Talk about the nexus between the worlds of commercial real estate and fine art !!
A federal judge has temporarily halted the demolition of the famed 5pointz, a former factory complex located in Long Island City, New York but which is now something very different. 5pointz is truly a sight to behold. It is, according to its own website, “…. an outdoor art exhibit space in Long Island City, New York, considered to be the world’s premiere ‘graffiti Mecca,’ where aerosol artists from around the globe paint colorful pieces on the walls of a 200,000-square-foot factory building ……..On any given day, 5Pointz visitors can expect to find prominent artists, musicians, deejays, Emcees (rappers), and B-boys (break dancers) on site, in addition to filmmakers, photographers, and entire tour buses full of admirers soaking in the more than 350 Technicolor murals…” Here is a link to their website to learn more about the space: http://5ptz.com/about/
But the complex is privately owned and Long Island City real estate values have skyrocketed in recent years. On October 9, 2013, the New York City Council unanimously approved a $400mm plan to replace the existing structures with 1,000 apartments located in 2 towers; one of 47 floors and the other of 41 floors.

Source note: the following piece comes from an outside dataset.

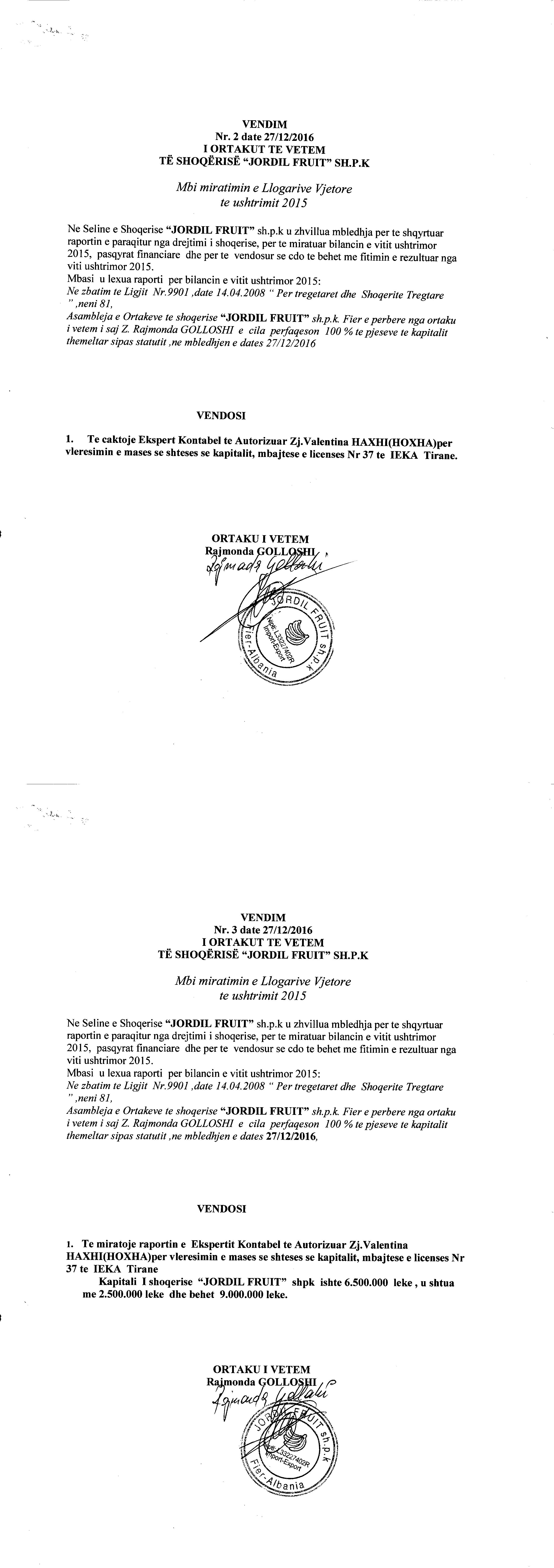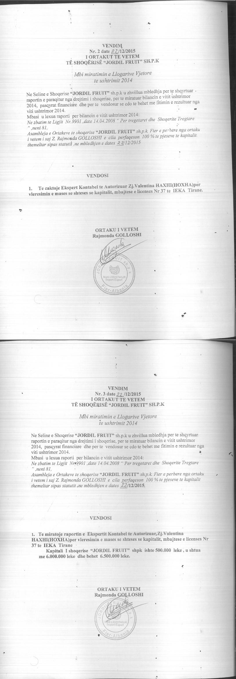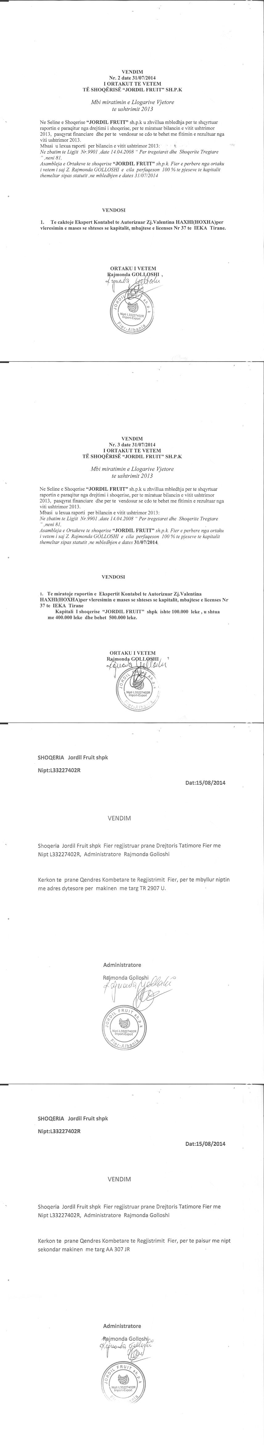 → Ekstrakti Historik i Regjistrit Tregtar date 07.06.2023 → Akt themelimi i Shoqerise → Vendim i Ortakut te Vetem, Zmadhim Kapitali date 31.07.2014 → Vendim i Ortakut te Vetem, Zmadhim Kapitali date 22.12.2015 → Vendim i Ortakut te Vetem, Zmadhim Kapitali date 27.12.2016 → Vendim i Ortakut te Vetem, Zmadhim Kapitali date 20.11.2017 → Vendim i Ortakut te Vetem, Zmadhim Kapitali date 05.07.2018 → Vendim i Ortakut te Vetem, Zmadhim Kapitali date 22.03.2022 |

But what about the rights of the graffiti artists?
A 1990 federal statute, little known outside the fine art world, appears to have induced Federal Judge Frederic Block to slow the demolition process down to enable a closer look at the issues. The statute is known as VARA (“Visual Artists Rights Act”) and, among many other things and upon certain conditions, it affords artists the right to prevent the destruction or mutilation of their work. The thrust of the artists’ complaint is that the buildings’ demolition will destroy their artistic works in violation of VARA. By granting a temporary stay, Judge Block seems to think that the claims may have potential for merit. An evidentiary hearing has been scheduled to commence on November 6, 2013.
There are many issues at play. For example, is graffiti art of a recognized stature so as to qualify for protection under VARA, that is, is a tag artist entitled to the same protection against the destruction of his work as a Damien Hirst or a Jeff Koons? Does the artwork qualify as “work for hire” which would vest sole control and custody to the building owner? Is the art “site specific” so that any attempt at relocation would destroy the work?
In our view, graffiti art seems in many respects to fit the very type of work which VARA seeks to protect against destruction. However, the nature of graffiti art is transitory. The form, itself, is an underground almost guerrilla format of art which is intended to “tag” the target, but with the implied understanding that the work will likely be painted over, replaced, covered, etc. over time. In fact, the Court seems focused on one of the parties “.. causing works to be whitewashed and/or painted over.” The impermanent nature of the form should speak against using graffiti art preservation as grounds to permanently prevent the development of a real estate site.
On the other hand, the argument can be made that it matters little how an individual work may impact 5pointz, because it is the effect and impact of the whole which is striking even if the singular constituent artworks change over time. However, VARA is intended to protect only the individual artist, and not an artistic community.
Nonetheless, the transitory nature of an art form is not mentioned in the VARA as grounds to exclude the statute’s protections, nor has impermanence been tested in the Courts as a defense to VARA. In fact, VARA cases in the real estate realm are few and far between.
This is a big case with lots of money and political influence at play. On the other hand, 5pointz has become a site of some cultural significance. The stakes are big. The few times since 1990 that these cases have come up for judicial review, the Federal Courts have seemed willing to limit the reach of VARA, sometimes for controversial reasons, and allow the property owners to develop their sites. Be forewarned, though, because this particular case is no slam dunk for the property owner.
For sure, since 1990 commercial owners should be securing written VARA waivers from tag artists if they allow their buildings to be adorned with graffiti art. But property owners are generally unaware of VARA and the rights which flow to artists under the federal statute.